Da Umwandlungen von einem Neutrinotyp in den anderen extrem selten sind, dauerte es drei Jahre und Milliarden von Muon-Neutrinos, bis die Physiker des OPERA-Projekts endlich einem solchen Typwechsel auf die Spur kamen. Indiz dafür war ein charakteristischer Knick in der Teilchenspur des Detektors in Gran Sasso, der auf die Reaktion eines Tau-Neutrinos mit dem Blei-Target und den Zerfall des dabei entstehenden Tau-Teilchens hindeutete. „Das OPERA Experiment hat sein erstes Ziel erreicht: Die Detektion eines Tau-Neutrinos, das aus der Transformation eines Muon-Neutrinos während der Reise von Genf nach Gran Sasso entstanden ist“, erklärt Lucia Votano, Direktor der Gran Sasso Laboratorien.

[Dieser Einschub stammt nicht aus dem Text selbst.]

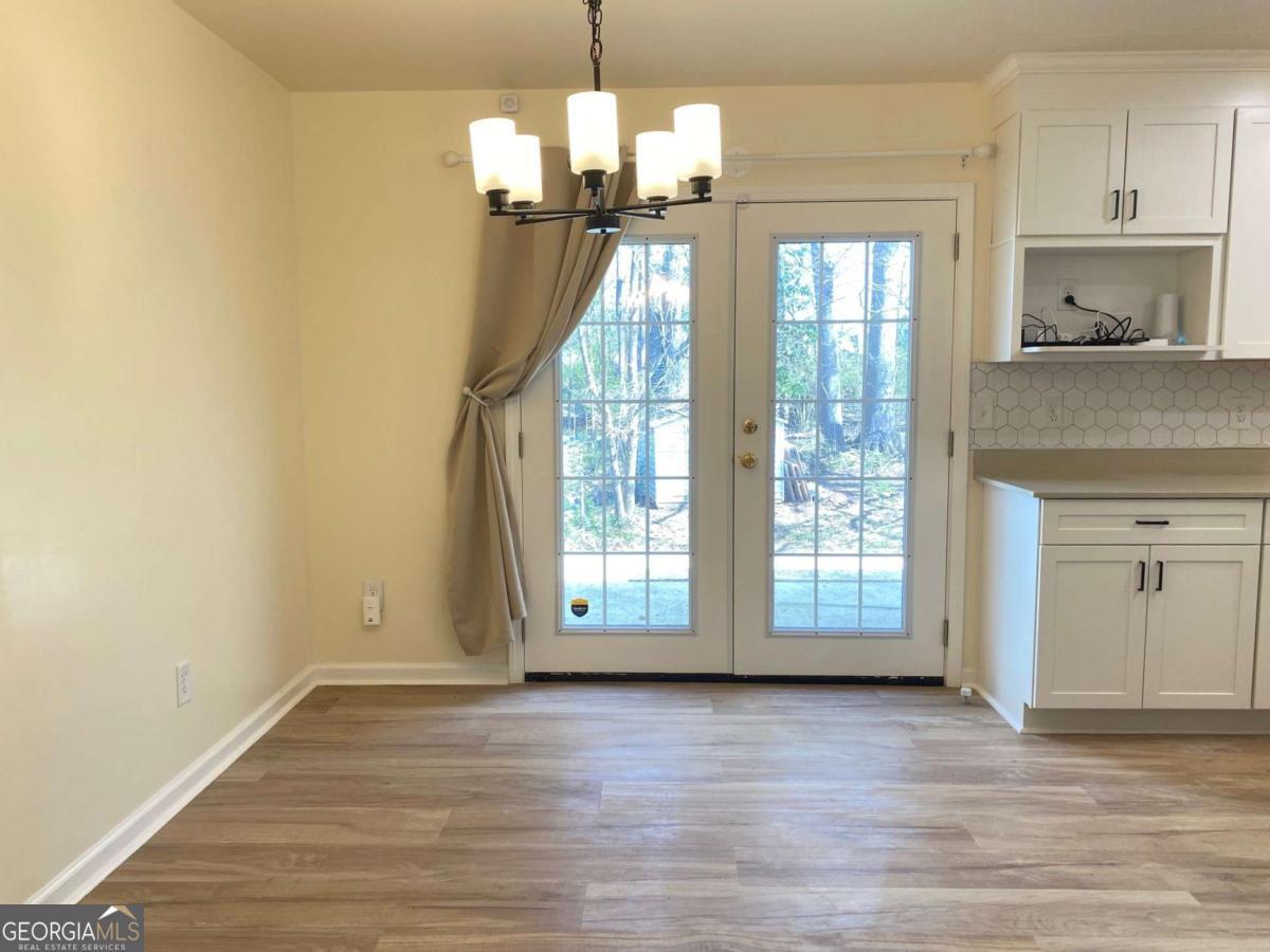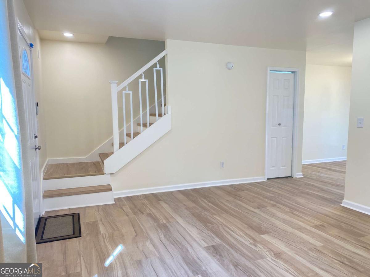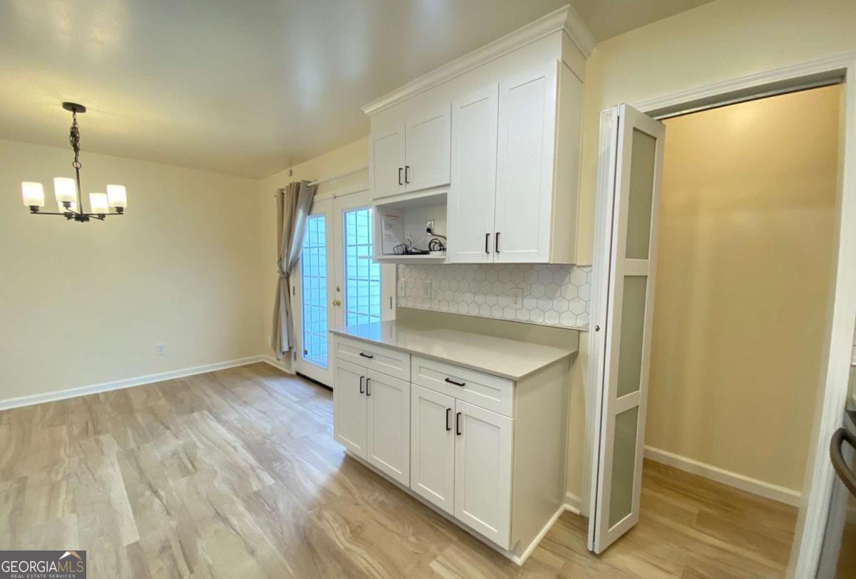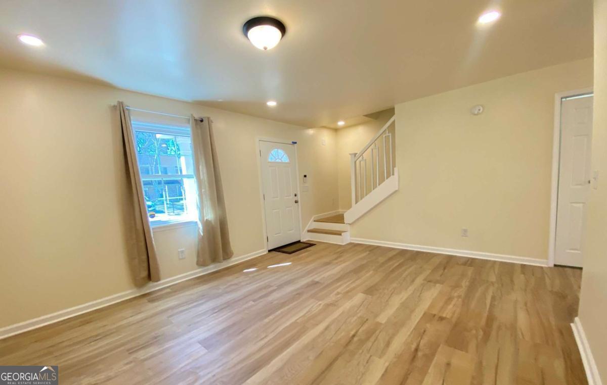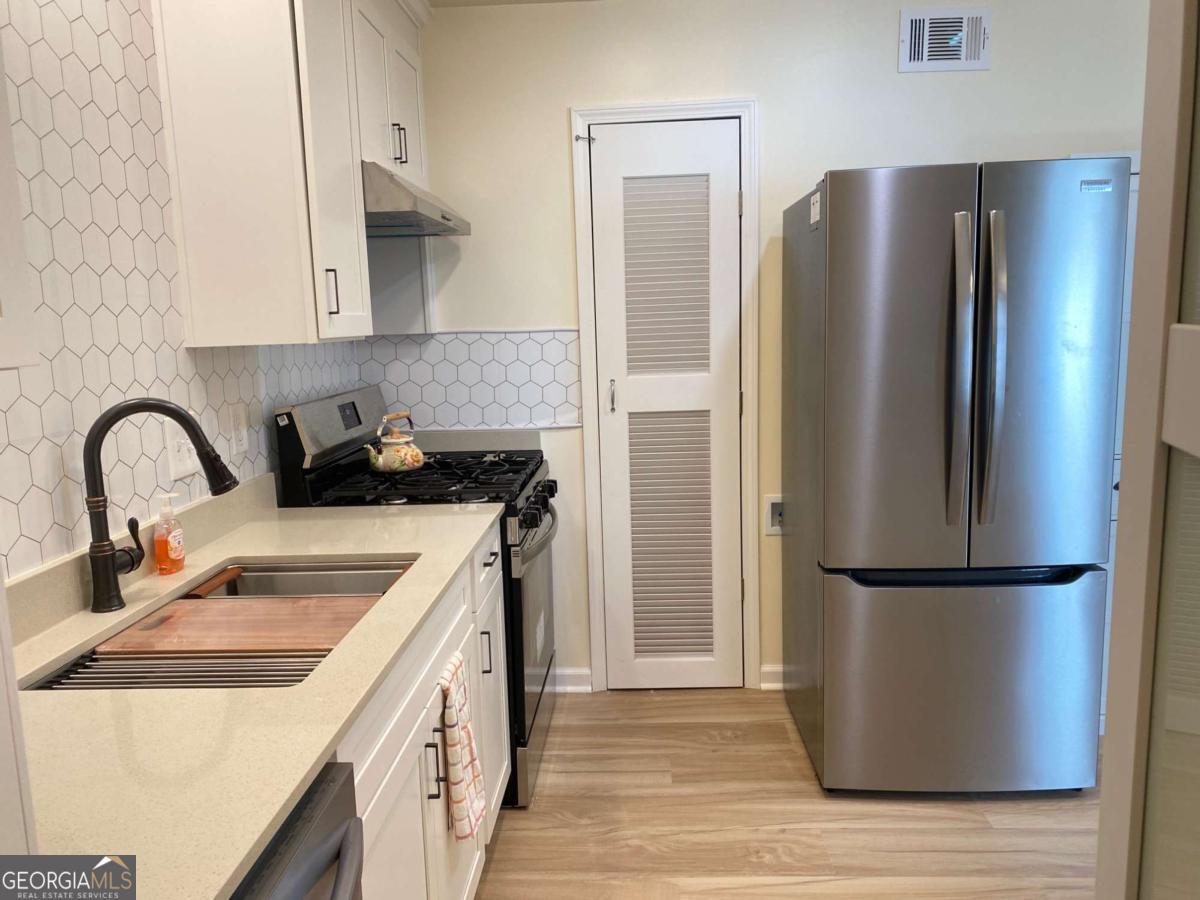 Fully renovated end-unit townhome located in a desirable Austell community. This beautifully updated residence features a brick front and has been completely remodeled from top to bottom, including a new roof, drywall, paint, fixtures, windows, and appliances, offering a truly move-in-ready experience with modern, tasteful finishes throughout. The bright, white kitchen showcases solid surface countertops, stainless steel appliances, gas range and refrigerator. A generously sized pantry provides additional storage. Enjoy an open-concept dining area that flows seamlessly into a spacious living room, highlighted by a large picture window that fills the space with natural light. The home offers two generously sized bedrooms with ample closet space, along with a fully renovated bathroom featuring a new vanity and tub/shower combination. On site laundry hookup is set up for a stackable washer and dryer in the kitchen pantry. Step outside to a private back patio and take advantage of the additional outdoor storage. Lawn maintenance is included. The large backyard backs up to a peaceful wooded area, providing excellent privacy. Conveniently located with CobbLinc bus service at the front of the subdivision, and offering easy access to Veterans Memorial Highway, I-285, downtown Atlanta, and Hartsfield-Jackson Atlanta International Airport.

Standardmodell ist unvollständig

Der Nachweis der Neutrino-Oszillation hat allerdings erhebliche Auswirkungen auf das Grundverständnis der Physik. Denn nach dem Standardmodell der Physik sollten Neutrinos eigentlich keine Masse besitzen. Voraussetzung für die Oszillation ist jedoch laut Theorie unbedingt eine Masse ungleich Null. Folglich ist das Standardmodell in diesem Punkt offenbar unvollständig. Nach Ansicht der Forscher wäre eine Erklärungsmöglichkeit für diese Diskrepanzen, dass es noch andere, bisher nicht nachgewiesene Typen von Neutrinos gibt, die unter anderem im Zusammenhang mit der Dunklen Materie stehen könnten.

„Dies ist ein wichtiger Schritt für die Neutrino-Physik”, erklärt Rolf Heuer, Generaldirektor des CERN. „Wir sind alle gespannt auf die neuen physikalischen Erkenntnisse, die diesem Ergebnis folgen werden.“

(CERN, 01.06.2010 – NPO)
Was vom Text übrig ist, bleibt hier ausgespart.